Guess me and Glo stood there next to the bar for nigh on fifteen seconds, letting everything sort itself out, before Pitt Murdock glanced over the rim of his dripping whiskey glass and spotted us. I flashed a friendly grin his direction and nodded like we were long-lost family that hadn’t seen each other in a spell.

I thought sure the man would have a brain-killing, eye-popper of a stroke. The beaker of panther sweat he held between trembling fingers hung on his bottom lip as if he’d suddenly become petrified. The ropelike scar I’d put across his ugly countenance, with a pistol barrel, glowed pink and suddenly got pinker, then damn near turned bloodred.

Color flooded up in the man’s neck and tinted his ears. Another second or so of glaring at me, and he threw the entire shot of hooch down in one swallow. He slammed the glass onto the tabletop with a resounding thud, then reached over and touched Tanner Atwood on the arm. He cut a rheumy, bloodshot gaze back our direction and nodded.

Atwood twisted in his wobbly, creaking seat, then let one hand fall beneath the table. He glared at me like he wanted to twist my head off and take a dump down the hole left in my neck. Then he whispered something to Murdock from the corner of a sneering, twisted mouth. The pair of them got to looking right wormy, but calmed a bit when Murdock glanced over his shoulder and spotted Boz standing in the corner behind them with his shotgun pointed their direction.

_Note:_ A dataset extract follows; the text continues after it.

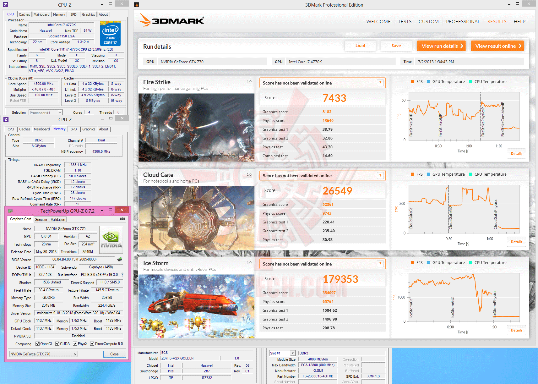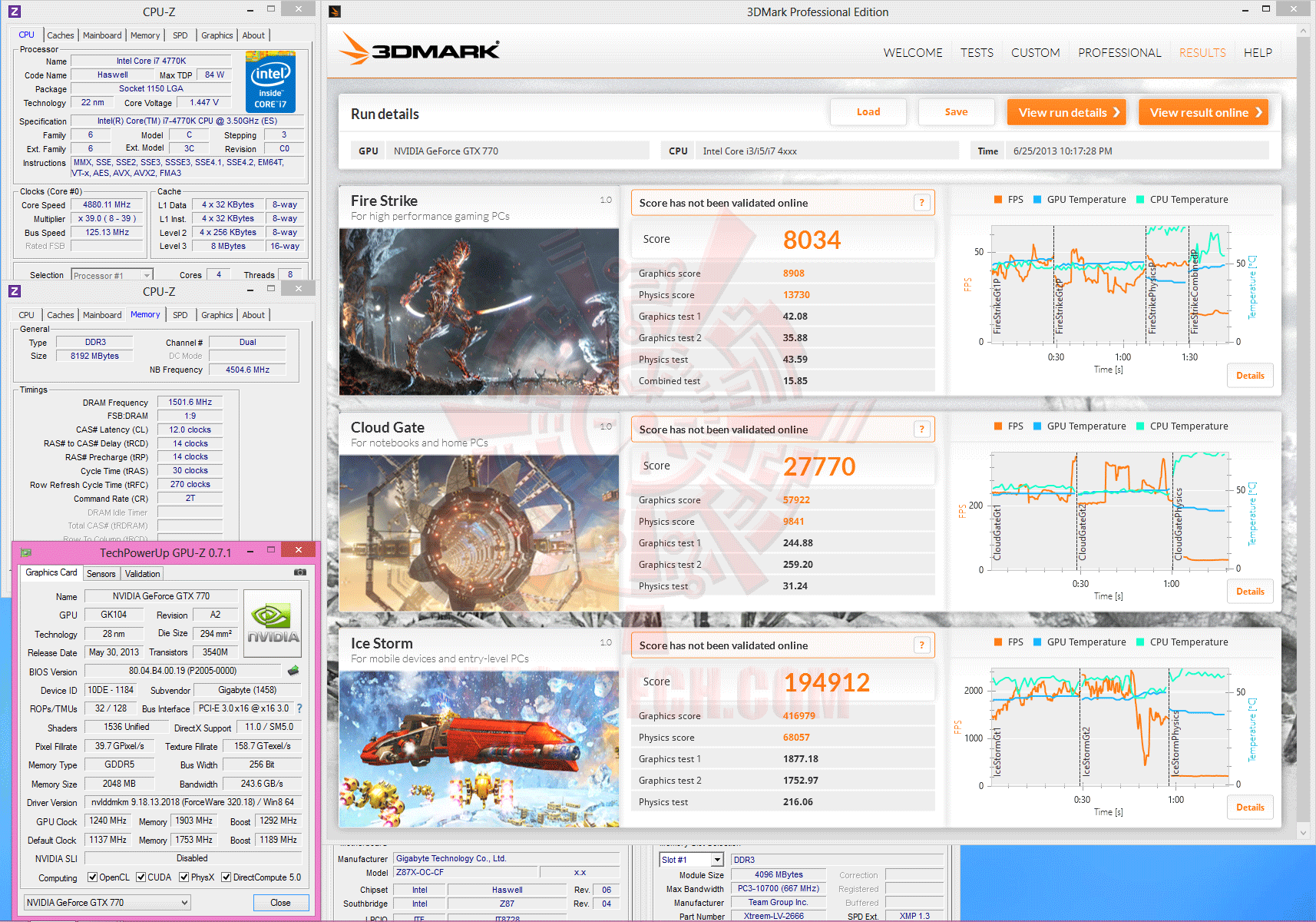 ผลการทดสอบของตระกูล 3DMark ก็แรงกันไปกับพลังของ GIGABYTE WINFORCE GTX 770 2GB GDDR5
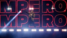 Entre los vítores de una sala con espacio para 20,000 personas y todas las entradas vendidas, Yankee hizo su entrada triunfal simulando bajar de un avión, engalanado con una chaqueta de lentejuelas doradas y gafas de sol, y se estrenó con el emblema de su retirada, “Campeón”.

I nudged Glo with my elbow and whispered, “Well, let’s stroll on over and say howdy.”

Tension in the room shot through the roof as we moved to a spot less than ten feet from that pair of murderous swine. Couple of the remaining local boozehounds finally realized something dangerous was definitely afoot. Could see it on their pinched faces as they hastily threw back what remained of their most recent beaker of scamper juice and headed for the safer climes of anyplace except where gunfire might be about to ensue. Hollow- eyed Death himself had very definitely strolled into the Broke Mill. Anyone who could get out of Ole Bony Finger’s way was, for damned sure, heeling it for the perceived safety afforded them somewhere out along Del Rio’s central thoroughfare.

18

“DO YOUR WORST.”

PITT MURDOCK BROUGHT both hands up to the tabletop, pushed his chair back onto two legs, and said, “You’re just about the last man on this earth I expected to see today, Dodge. Swear to Jesus you are.”

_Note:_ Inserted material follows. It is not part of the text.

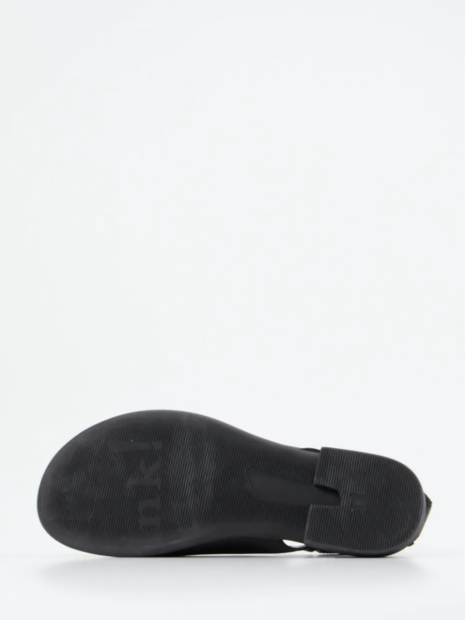 Understatement in Leder.Think präsentiert mit dieser Sandale ein Modell für Alltag und Entspannung. Die schwarze Damen-Sandalette überzeugt durch weiches, mattes Lammleder und eine geschlossene Form mit femininen Aussparungen. Der Peep-Toe-Ausschnitt sorgt für sommerliche Leichtigkeit, während der verstellbare Klettverschluss mit Fersenriemen passgenauen Halt garantiert. Ton-in-Ton-Nähte und eine dezente Logo-Prägung unterstreichen den minimalistischen Look. Der flache Blockabsatz sowie die profilierte Gummisohle bieten Stabilität im urbanen Umfeld. Kombinierbar mit luftigen Stoffhosen oder monochromen Looks. Think vereint nachhaltiges Design mit maximalem Alltagskomfort.

Cocked pistol still held behind my leg, I grinned and said, “Sorry to put a crimp in your drinkin’, Pitt.”

Murdock twisted his stringy-haired head to one side like a mangy dog about to lift a foot and scratch a flea- riddled ear. He said, “See, Dodge, I done heard tell as how you’d went and got kilt all to hell and gone over in Rio Seco. ’Course I offered up prayers of thanks soon’s that more’n welcome news hit my baby-pink, shell-like ears.”

Showed him as many teeth as I could manage, when I smiled again. “Well, Pitt, all I can say ’bout that is that the numerous ugly rumors of my unfortunate, bloody, and unplanned-for demise have been greatly exaggerated.”

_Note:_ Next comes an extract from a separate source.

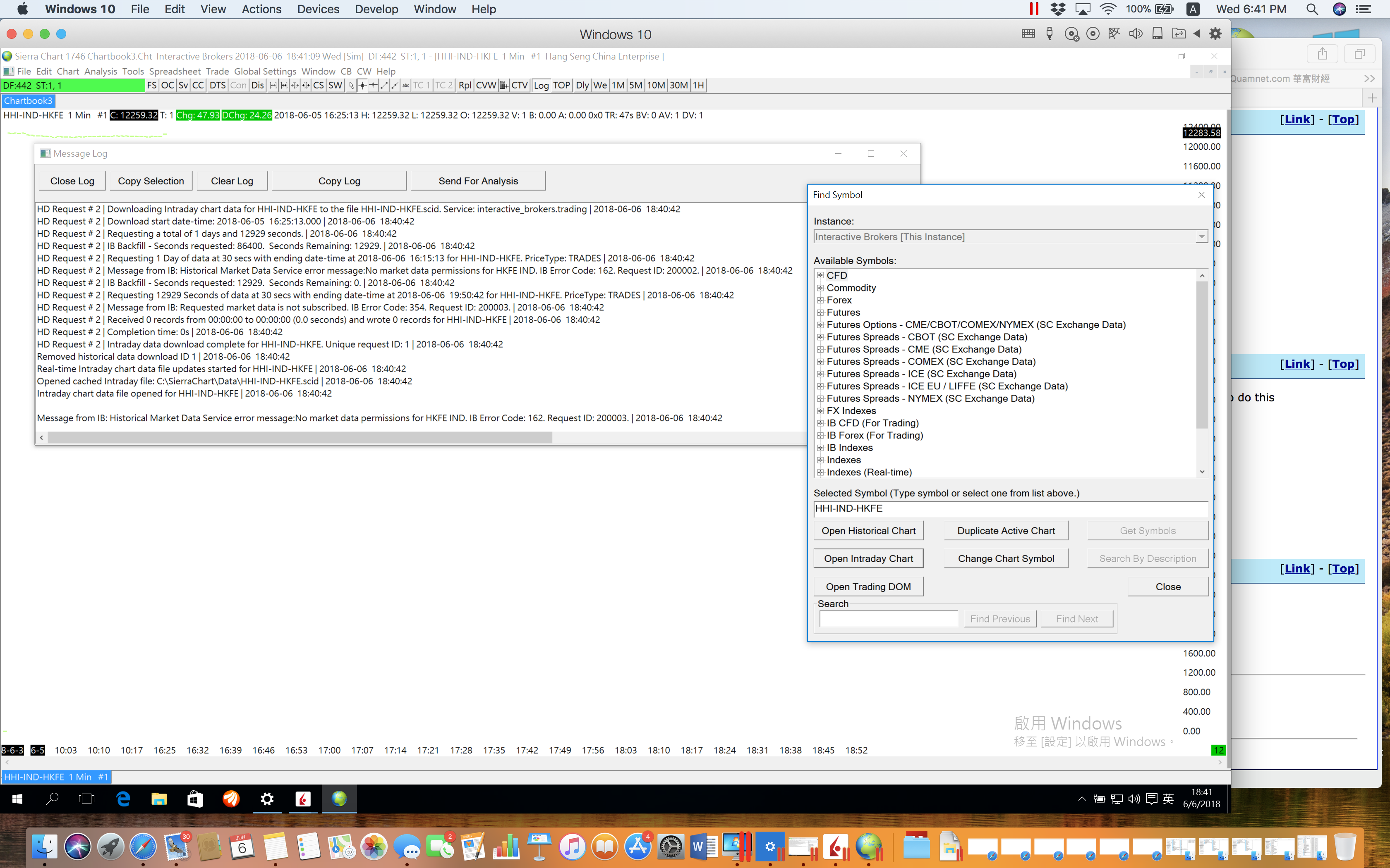 This is the reason for the problem: Message from IB: Requested market data is not subscribed.Delayed market data is not available.HHI.HK Hang Seng China Enterprise Index/TOP/ALL. IB Error Code: 354. Request ID: 1. Symbol: HHI-IND-HKFE. HD Request # 2 | Message from IB: Historical Market Data Service error message:No market data permissions for HKFE IND. IB Error Code: 162. Request ID: 200002. Refer to: Interactive Brokers Trading Service: Market Data Not Subscribed Through Interactive Brokers Sierra Chart Support - Engineering Level Your definitive source for support. Other responses are from users. Try to keep your questions brief and to the point. Be aware of support policy: https://www.sierrachart.com/index.php?l=PostingInformation.php#GeneralInformation For the most reliable, advanced, and zero cost futures order routing, *change* to the Teton service: Sierra Chart Teton Futures Order Routing Date Time Of Last Edit: 2018-06-06 20:31:06
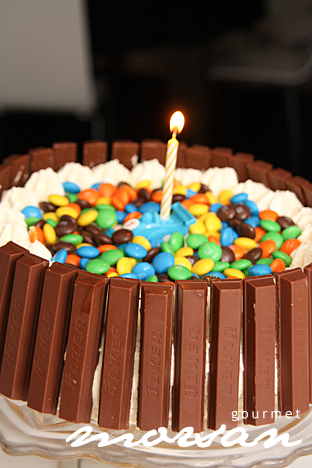 Gör så här: Sätt ugnen på 175°C. Bröa en form med diametern 24 cm. Vispa ägg och socker poröst. Blanda de torra ingredienserna och rör de försiktigt ner i smeten. Häll smeten i formen och grädda i ca 40 min. Lår svalna i formen. Stjälp upp på ett galler och låt kallna. Skär sedan kakan i tre delar. Det första lagret fyller man med vaniljkräm, de andra lagret med jordgubbssylt. Vispa grädde och bred runt tårtan. Spritsa en ring uppepå tårtan. Ställ kitkat runt och garnera med m&m uppepå.

“As my friend Atwood, here, and I can well see,” he grumbled. “Damn near breaks our hearts—as I’m sure you can well imagine. See, I hate your law-bringin’ ass for the way you went and treated me in the past.”

I glared at the idiot and snapped, “Be totally truthful, I couldn’t care damned less how you feel, Murdock— heartfelt or otherwise. Come here today to take you into custody for murder.”

He flashed me an insincere, shocked grin. “What murder? Doan know nothin’ ’bout no murder.”

“That’s bullshit. You know exactly what murder I’m talking about. Tracked you boys directly here from the scene of the slaughter. Already took care of the Pickett boys. They’re all deader than a six-card poker hand. My friends and I killed the bejabbers out of ’em yesterday.”

Murdock shot Tanner Atwood a look that could’ve peeled paint off a barn door.

“You cain’t prove none a that,” Atwood mumbled and glared at me like a cornered weasel.

“Don’t have to prove anything,” I said. “Figure as how we’re just gonna kill the hell outta both you skunks soon as we find out what we came for. ’Course I might be prone toward a bit of leniency if you get to telling me what I want to know, and right damned quick.”

Murdock squirmed in his seat. “And just what is it you think we can tell you about anything, lawdog?”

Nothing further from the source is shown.